Cambodia Economic Update, October 2017: Climbing Up the Manufacturing Value Chains


Key Findings

  • Growth remained strong, expanding at 7% in 2016 and is projected to ease slightly to 6.8% in 2017.
  • While exports of clothing and other textile products have moderated and the construction sector shows signs of easing,  the rising share of non-textile product exports, especially of electrical machinery, equipment and auto parts are helping Cambodia climb up the manufacturing value chains.
  • Efforts to attract international tourists by the authorities has paid off, with a marked recovery of foreign tourist arrivals.
  • Inflation has moderated, reflecting softer domestic demand as the construction boom slows down and domestic credit growth has eased.  
  • Meanwhile, Cambodia’s external position remains stable. The current account deficit is narrowing, and gross international reserves have reached six months of imports.
  • The overall fiscal deficit is estimated to have remained contained, thanks to continued good revenue collection. Rising public sector wage bill is largely offset by the decline in donor-financed capital spending.
  • The outlook remains positive. Growth is projected to remain strong, at 6.9% in 2018, boosted by export diversification and healthy inflows of foreign direct investment (FDI), and an improved global outlook.
  • A possible slowdown of the regional economy, especially China, and potential election-related uncertainties, however, pose downside risks to the outlook. 

Policy Options

Cambodia is on the verge of climbing up the manufacturing value chains. These further efforts can help facilitate higher growth.

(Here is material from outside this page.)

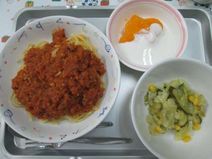 今日の給食は、スパゲティミートソース 牛乳 フレンチサラダ みかんヨーグルトです。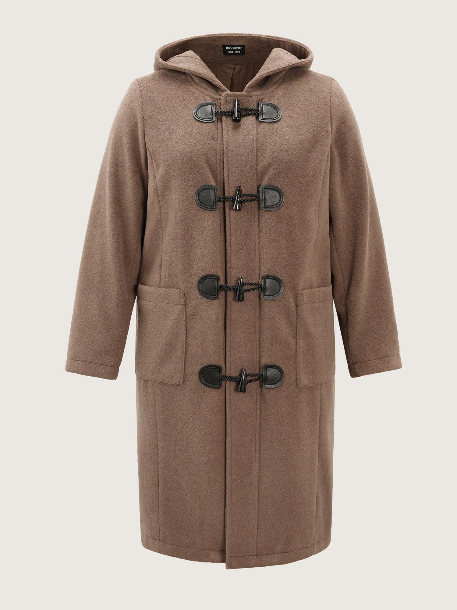 Shop Hooded Relaxed-Fit Horn Button Long Coat now and redefine your style with confidence at BloomChic. Tailored for mid and plus-size women. This trendy Outerwear Women, sizes 10-30. Color:Browncoffeecolor;Style:Leisure;Prints:Non;Details:Button;Pocket:Patch pocket;Belt:No-belt;Closure Type:Button;Lining:Lining

  • Nurturing export diversification by adopting cost-effective and competitive electricity tariffs. Promoting and improving levels of skills and quality of graduates. Improving ease of doing business and the investment climate by eliminating regulatory impediments to bring down the costs of starting and operating businesses, as well as logistic costs.
  • Improving access by rural farmers, affected by low agricultural prices, to markets and to diversify their production. Measures to link rural households to tourism supply chains can also pay high dividends.
  • While poverty reduction continued, driven mainly by income diversification of rural households earnings from remittances, non-agricultural wages, and household businesses, the potential negative impacts of the slowdown of textile and construction sectors will need to be closely monitored.